もちろん、グノスポの立ち上げ理由は、グノシーでの利用状況や、特化することでのユーザーメリットを考えてのことです。

ただ、限られたリソースと短期間で新規アプリを立ち上げるうえでは、「好き」というキーワードは、多くの面で重要な要素になっていたと思います。

グノスポの対象は、「好き」なことについてもっと知りたい人達で、その「好き」は取り組みやすい型をもっていました。

例えば、「ファッションが好き」、「旅行が好き」といった「好き」には様々な「好き」が存在し、それらと向かい合い、短期間でリリースするにはなかなか難しい物だと思います。

幸いスポーツには「チームが好き」、「選手が好き」、といったまとめやすい切り口があり、知りたい情報のフォーマット(試合結果や順位などのデータ)にもある一定の共通認識があります。

届ける情報の定義がしやすく、個々に欲しい情報の差はそれほど大きくない。まわりを見渡せば、程度の差こそあれスポーツ好きはたくさんいます。
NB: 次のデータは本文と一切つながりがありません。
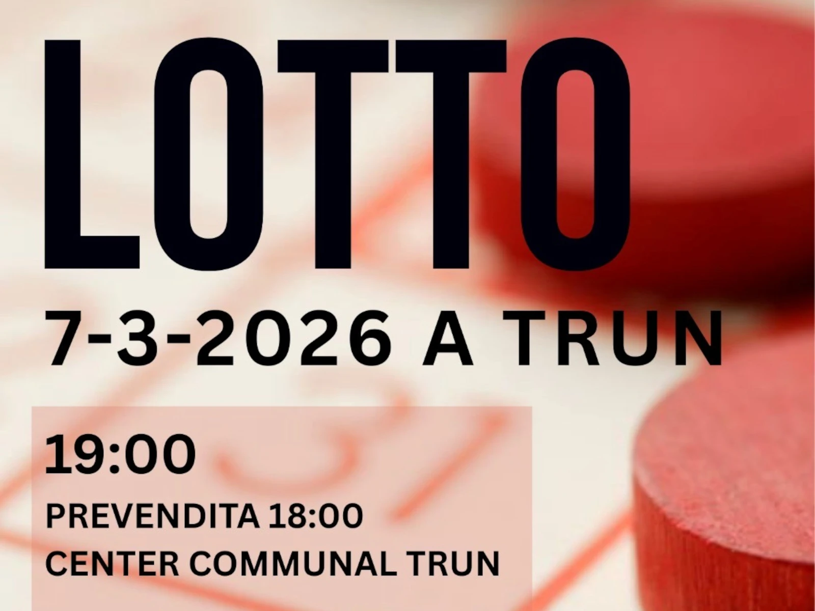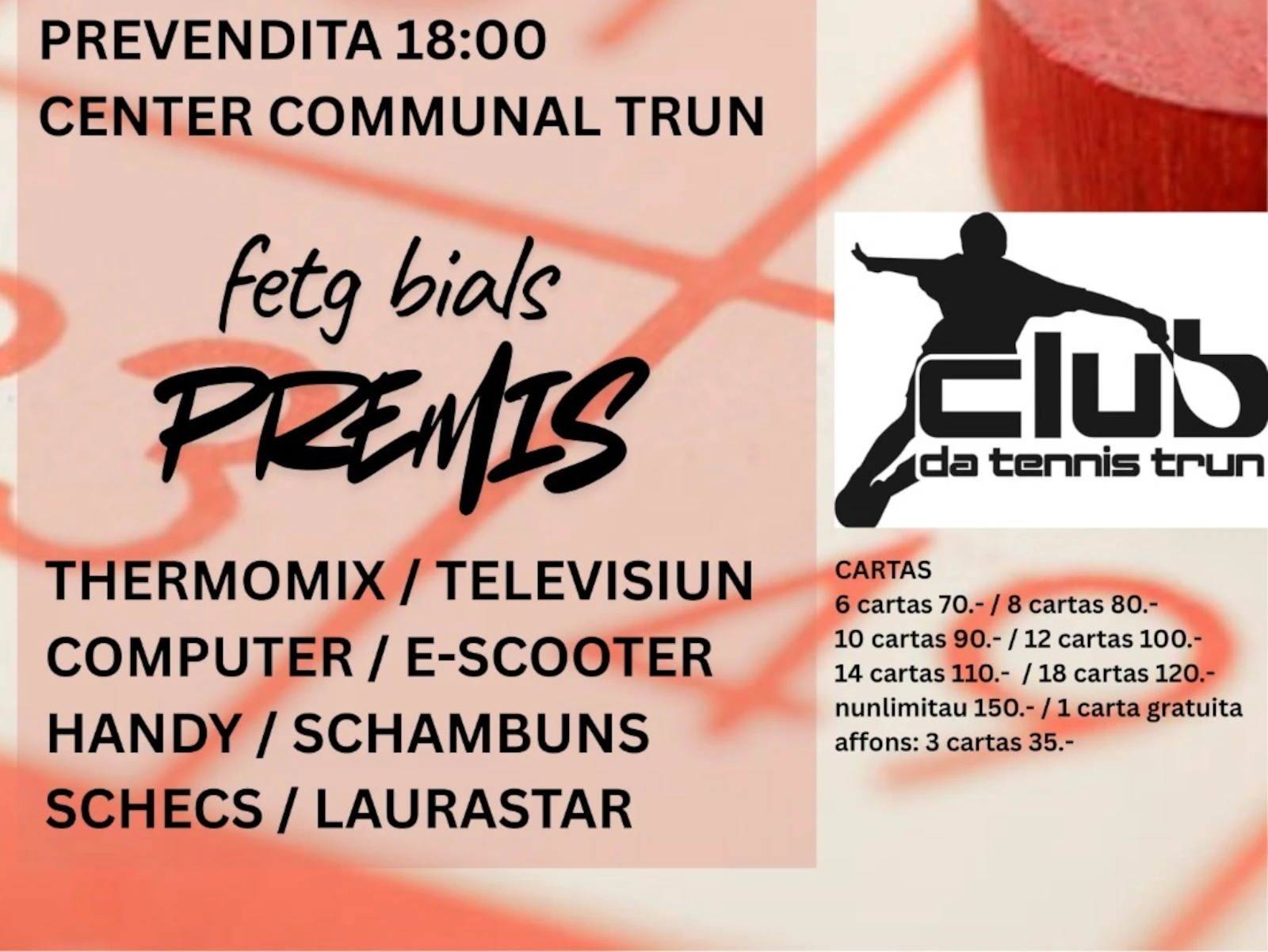 Das traditionale Lotto wird vom Tennisclub Trun organisiert. Tolle Preise erwarten Sie. Eintritt mit Vorverkauf der Lottokarten bereits um 18.00 Uhr.

身近な人、社内のスポーツ好きにヒヤリングするだけでも、十分な手応えをもっていました。

そして「好き」に集中できるアプリを目指すことになります。

好きを広める

アプリの骨格については、普段の対面やSlackでの雑談などから雰囲気の共有がされていきました。

とはいえ、まだまだふわっとしていたので、わかりやすい形に落とし込んで、方向性をイメージしやすいものにしていきます。
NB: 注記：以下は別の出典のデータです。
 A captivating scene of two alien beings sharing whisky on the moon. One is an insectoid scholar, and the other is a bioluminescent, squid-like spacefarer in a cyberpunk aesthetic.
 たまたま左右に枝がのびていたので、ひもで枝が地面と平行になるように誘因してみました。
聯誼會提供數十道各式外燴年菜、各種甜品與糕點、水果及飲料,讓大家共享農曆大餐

その中で出てきたテーマが「ファンとチーム、選手が近くなるサービス」、 キャッチコピーが「もっとスポーツが好きになるアプリ」でした。

ここで行なったのが、

  • デザインの方向性を共有していく
  • ロゴの作成
  • コピーをビジュアル化する
  • テーマをメッセージにする

です。

方向性を共有して、みんなにグノスポ好きになってもらいます。

デザインの方向性

第一回のエントリーの合宿でアウトラインを相談していますが、実はこの段階でデザインの方向はすでに検討中で、アウトラインの相談後にいくつか仕上げて共有しています。

普通はワイヤーフレームを書いたり、色々プロトタイピングをした上で進みますが、合宿という環境と、多くの開発メンバーの「好き」なテーマということで、早々に断片を共有してイメージしやすくしてしまいます。気に入ってもらえれば、開発のモチベーションも上がりやすでしょう。
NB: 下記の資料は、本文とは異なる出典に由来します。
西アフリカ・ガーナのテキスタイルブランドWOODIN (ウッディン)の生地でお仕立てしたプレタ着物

多少の修正はありつつ、ほぼこの時のイメージでグノスポは出来上がっています。

開発メンバーにはスポーツ好きが多いです。合宿二晩目はサッカーのW杯の試合と重なったのでみんなで観戦してました。

ロゴ

ロゴはいくつか案を出したのち、結局一番最初に考えた案になりました。

カタカナの略称を生かし、グッズにしたときに欲しいと思ってもらえる物を意識しています。

そして、決まった後ステッカーを内職して社内に配ります。
やっぱり、PCに貼りたいですよね。

コピーのビジュアル化

ロゴと同時に進めていたのは、コピーとテーマの訴求です。

コピーを練って行く過程で「もっとスポーツが好きになるアプリ」から「もっとスポーツが好きになる」になっていきました。

「〜アプリ」をとるだけで、アプリの説明からユーザーの体験描写にかわり、ぐっと身近に感じます。言葉って面白いですね。

文字を組む段階で、「が」を省くと「スポーツ、すきになる」とも「スポーツずきになる」ともとれ、さらに面白くなりました。

そして、改行を多く挟んだレイアウトにすることで、単体でもロゴとの組み合わせでもおさまる形を行き着きます。

テーマをメッセージに

グノスポは、同種のアプリに比べてかなり後発で、当初のリリースはMVP(ミニマム・バリュー・プロダクト=最小限の機能を実装してリリースするプロダクト)ですので見劣りする懸念はありました。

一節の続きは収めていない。